▶ [TASK REQUIREMENTS] Repeat exactly the lines of the listing below, please, starting with the first and ending with the line containing "Såhär det sovsalen"; leave out the rest.

▶ [GIVEN DATA]
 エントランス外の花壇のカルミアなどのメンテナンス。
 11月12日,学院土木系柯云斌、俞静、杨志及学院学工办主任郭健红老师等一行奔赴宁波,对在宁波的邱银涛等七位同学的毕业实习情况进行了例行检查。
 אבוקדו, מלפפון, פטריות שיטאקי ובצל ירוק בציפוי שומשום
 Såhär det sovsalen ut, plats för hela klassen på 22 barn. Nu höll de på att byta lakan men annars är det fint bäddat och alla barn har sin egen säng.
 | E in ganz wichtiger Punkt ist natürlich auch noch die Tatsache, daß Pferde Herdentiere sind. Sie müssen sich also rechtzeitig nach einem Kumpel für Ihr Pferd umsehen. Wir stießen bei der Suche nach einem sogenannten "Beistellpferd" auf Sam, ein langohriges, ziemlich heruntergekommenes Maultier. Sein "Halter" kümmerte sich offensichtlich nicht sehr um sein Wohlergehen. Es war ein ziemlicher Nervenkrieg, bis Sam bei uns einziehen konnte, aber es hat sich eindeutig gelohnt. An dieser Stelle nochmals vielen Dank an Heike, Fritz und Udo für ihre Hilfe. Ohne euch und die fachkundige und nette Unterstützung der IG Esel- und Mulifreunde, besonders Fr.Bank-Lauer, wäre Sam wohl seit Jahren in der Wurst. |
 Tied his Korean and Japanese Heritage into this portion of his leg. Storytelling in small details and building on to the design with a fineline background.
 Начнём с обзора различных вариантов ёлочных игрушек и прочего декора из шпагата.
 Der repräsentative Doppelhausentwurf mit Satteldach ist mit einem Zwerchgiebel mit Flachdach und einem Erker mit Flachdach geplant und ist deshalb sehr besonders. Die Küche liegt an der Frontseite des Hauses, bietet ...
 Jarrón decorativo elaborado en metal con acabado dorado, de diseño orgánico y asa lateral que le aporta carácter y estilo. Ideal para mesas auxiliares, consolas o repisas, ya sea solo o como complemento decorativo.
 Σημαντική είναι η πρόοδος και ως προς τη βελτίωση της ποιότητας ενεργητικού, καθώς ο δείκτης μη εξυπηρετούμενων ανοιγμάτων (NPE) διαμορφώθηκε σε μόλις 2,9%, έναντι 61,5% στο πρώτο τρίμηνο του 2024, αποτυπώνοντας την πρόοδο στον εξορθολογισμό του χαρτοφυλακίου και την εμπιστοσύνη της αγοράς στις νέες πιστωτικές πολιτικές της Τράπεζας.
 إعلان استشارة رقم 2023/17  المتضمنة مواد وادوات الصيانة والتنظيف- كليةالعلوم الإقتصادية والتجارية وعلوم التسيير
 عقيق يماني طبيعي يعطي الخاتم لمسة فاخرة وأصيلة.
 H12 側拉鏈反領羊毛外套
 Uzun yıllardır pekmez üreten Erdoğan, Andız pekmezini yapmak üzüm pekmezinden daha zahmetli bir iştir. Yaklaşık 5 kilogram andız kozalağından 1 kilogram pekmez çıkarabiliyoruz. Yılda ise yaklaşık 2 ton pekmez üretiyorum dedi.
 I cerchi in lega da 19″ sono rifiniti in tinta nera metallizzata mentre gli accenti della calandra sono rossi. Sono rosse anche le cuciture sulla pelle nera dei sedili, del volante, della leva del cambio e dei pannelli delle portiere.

▶ [ANSWER BOX]
 エントランス外の花壇のカルミアなどのメンテナンス。
 11月12日,学院土木系柯云斌、俞静、杨志及学院学工办主任郭健红老师等一行奔赴宁波,对在宁波的邱银涛等七位同学的毕业实习情况进行了例行检查。
 אבוקדו, מלפפון, פטריות שיטאקי ובצל ירוק בציפוי שומשום
 Såhär det sovsalen ut, plats för hela klassen på 22 barn. Nu höll de på att byta lakan men annars är det fint bäddat och alla barn har sin egen säng.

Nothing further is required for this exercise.